Starting at the line below that contains "12V HD when" and ending at the line that contains "Pull&Bear – Schwarze", retype each line exactly as it stands, but omit the pictures.
### Listed records
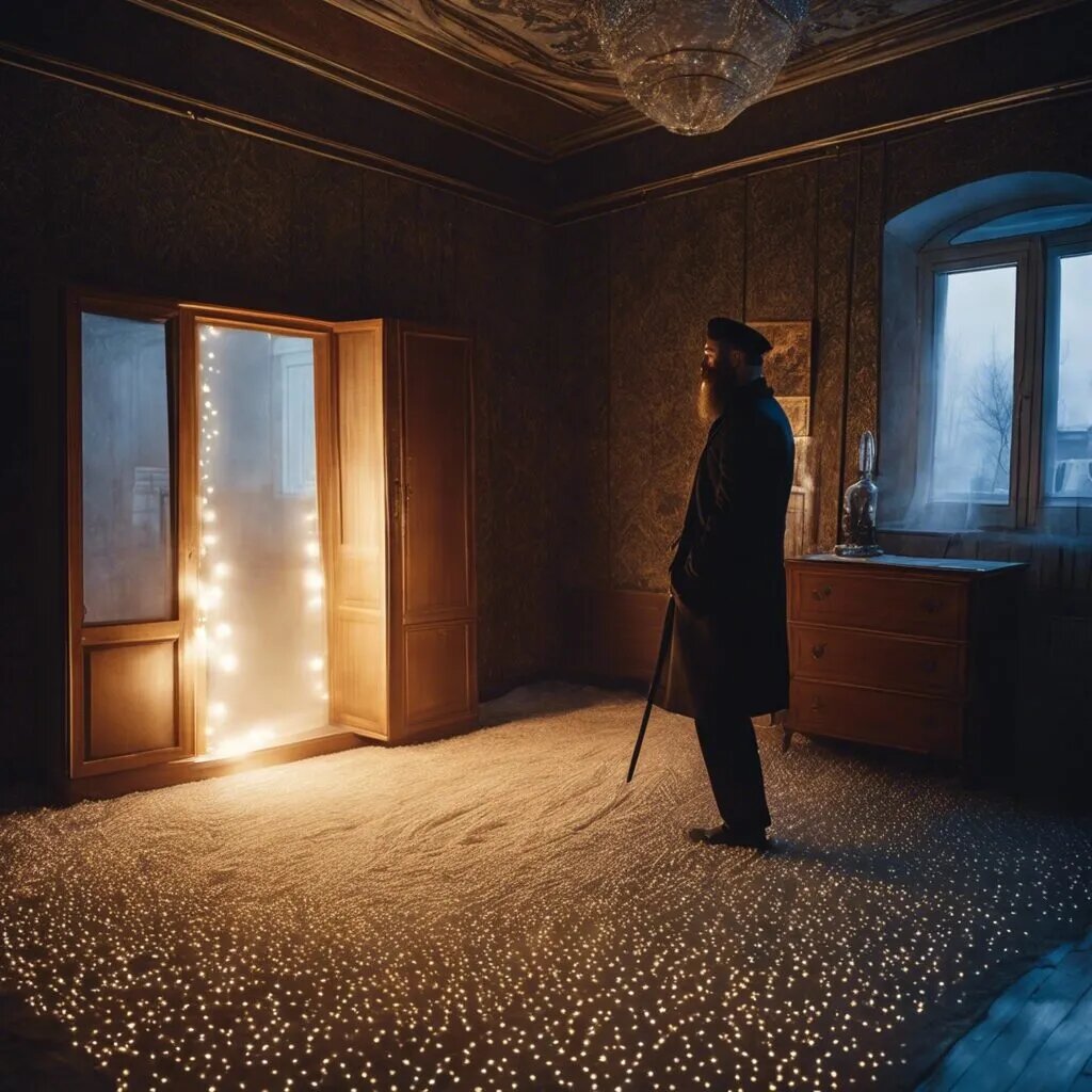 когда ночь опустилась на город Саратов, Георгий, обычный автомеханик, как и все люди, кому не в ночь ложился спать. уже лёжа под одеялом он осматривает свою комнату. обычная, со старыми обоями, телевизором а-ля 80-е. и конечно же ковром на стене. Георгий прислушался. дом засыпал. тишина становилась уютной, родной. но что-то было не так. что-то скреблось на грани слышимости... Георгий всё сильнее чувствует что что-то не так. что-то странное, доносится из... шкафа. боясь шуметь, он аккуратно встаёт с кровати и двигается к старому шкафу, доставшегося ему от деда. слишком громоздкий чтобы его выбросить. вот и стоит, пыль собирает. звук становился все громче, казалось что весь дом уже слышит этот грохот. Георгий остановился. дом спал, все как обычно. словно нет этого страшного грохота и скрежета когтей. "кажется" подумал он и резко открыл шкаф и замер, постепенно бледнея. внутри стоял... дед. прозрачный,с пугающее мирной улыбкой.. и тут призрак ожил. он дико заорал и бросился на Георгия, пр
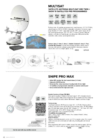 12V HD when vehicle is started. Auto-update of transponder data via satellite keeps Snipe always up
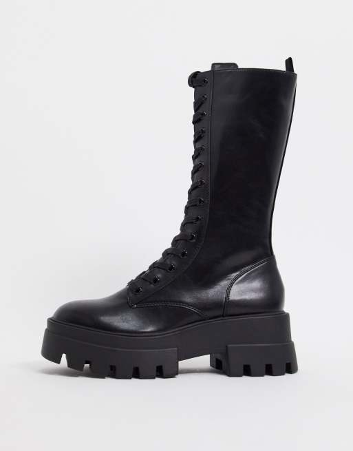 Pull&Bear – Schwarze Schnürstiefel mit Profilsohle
######
### Listed records
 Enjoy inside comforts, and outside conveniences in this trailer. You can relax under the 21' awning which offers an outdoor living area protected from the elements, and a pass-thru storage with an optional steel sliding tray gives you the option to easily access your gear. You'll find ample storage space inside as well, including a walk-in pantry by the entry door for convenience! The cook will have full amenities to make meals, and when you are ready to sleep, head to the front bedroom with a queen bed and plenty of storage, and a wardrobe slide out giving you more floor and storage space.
######
• **Result of the task**:
 12V HD when vehicle is started. Auto-update of transponder data via satellite keeps Snipe always up
 Pull&Bear – Schwarze Schnürstiefel mit Profilsohle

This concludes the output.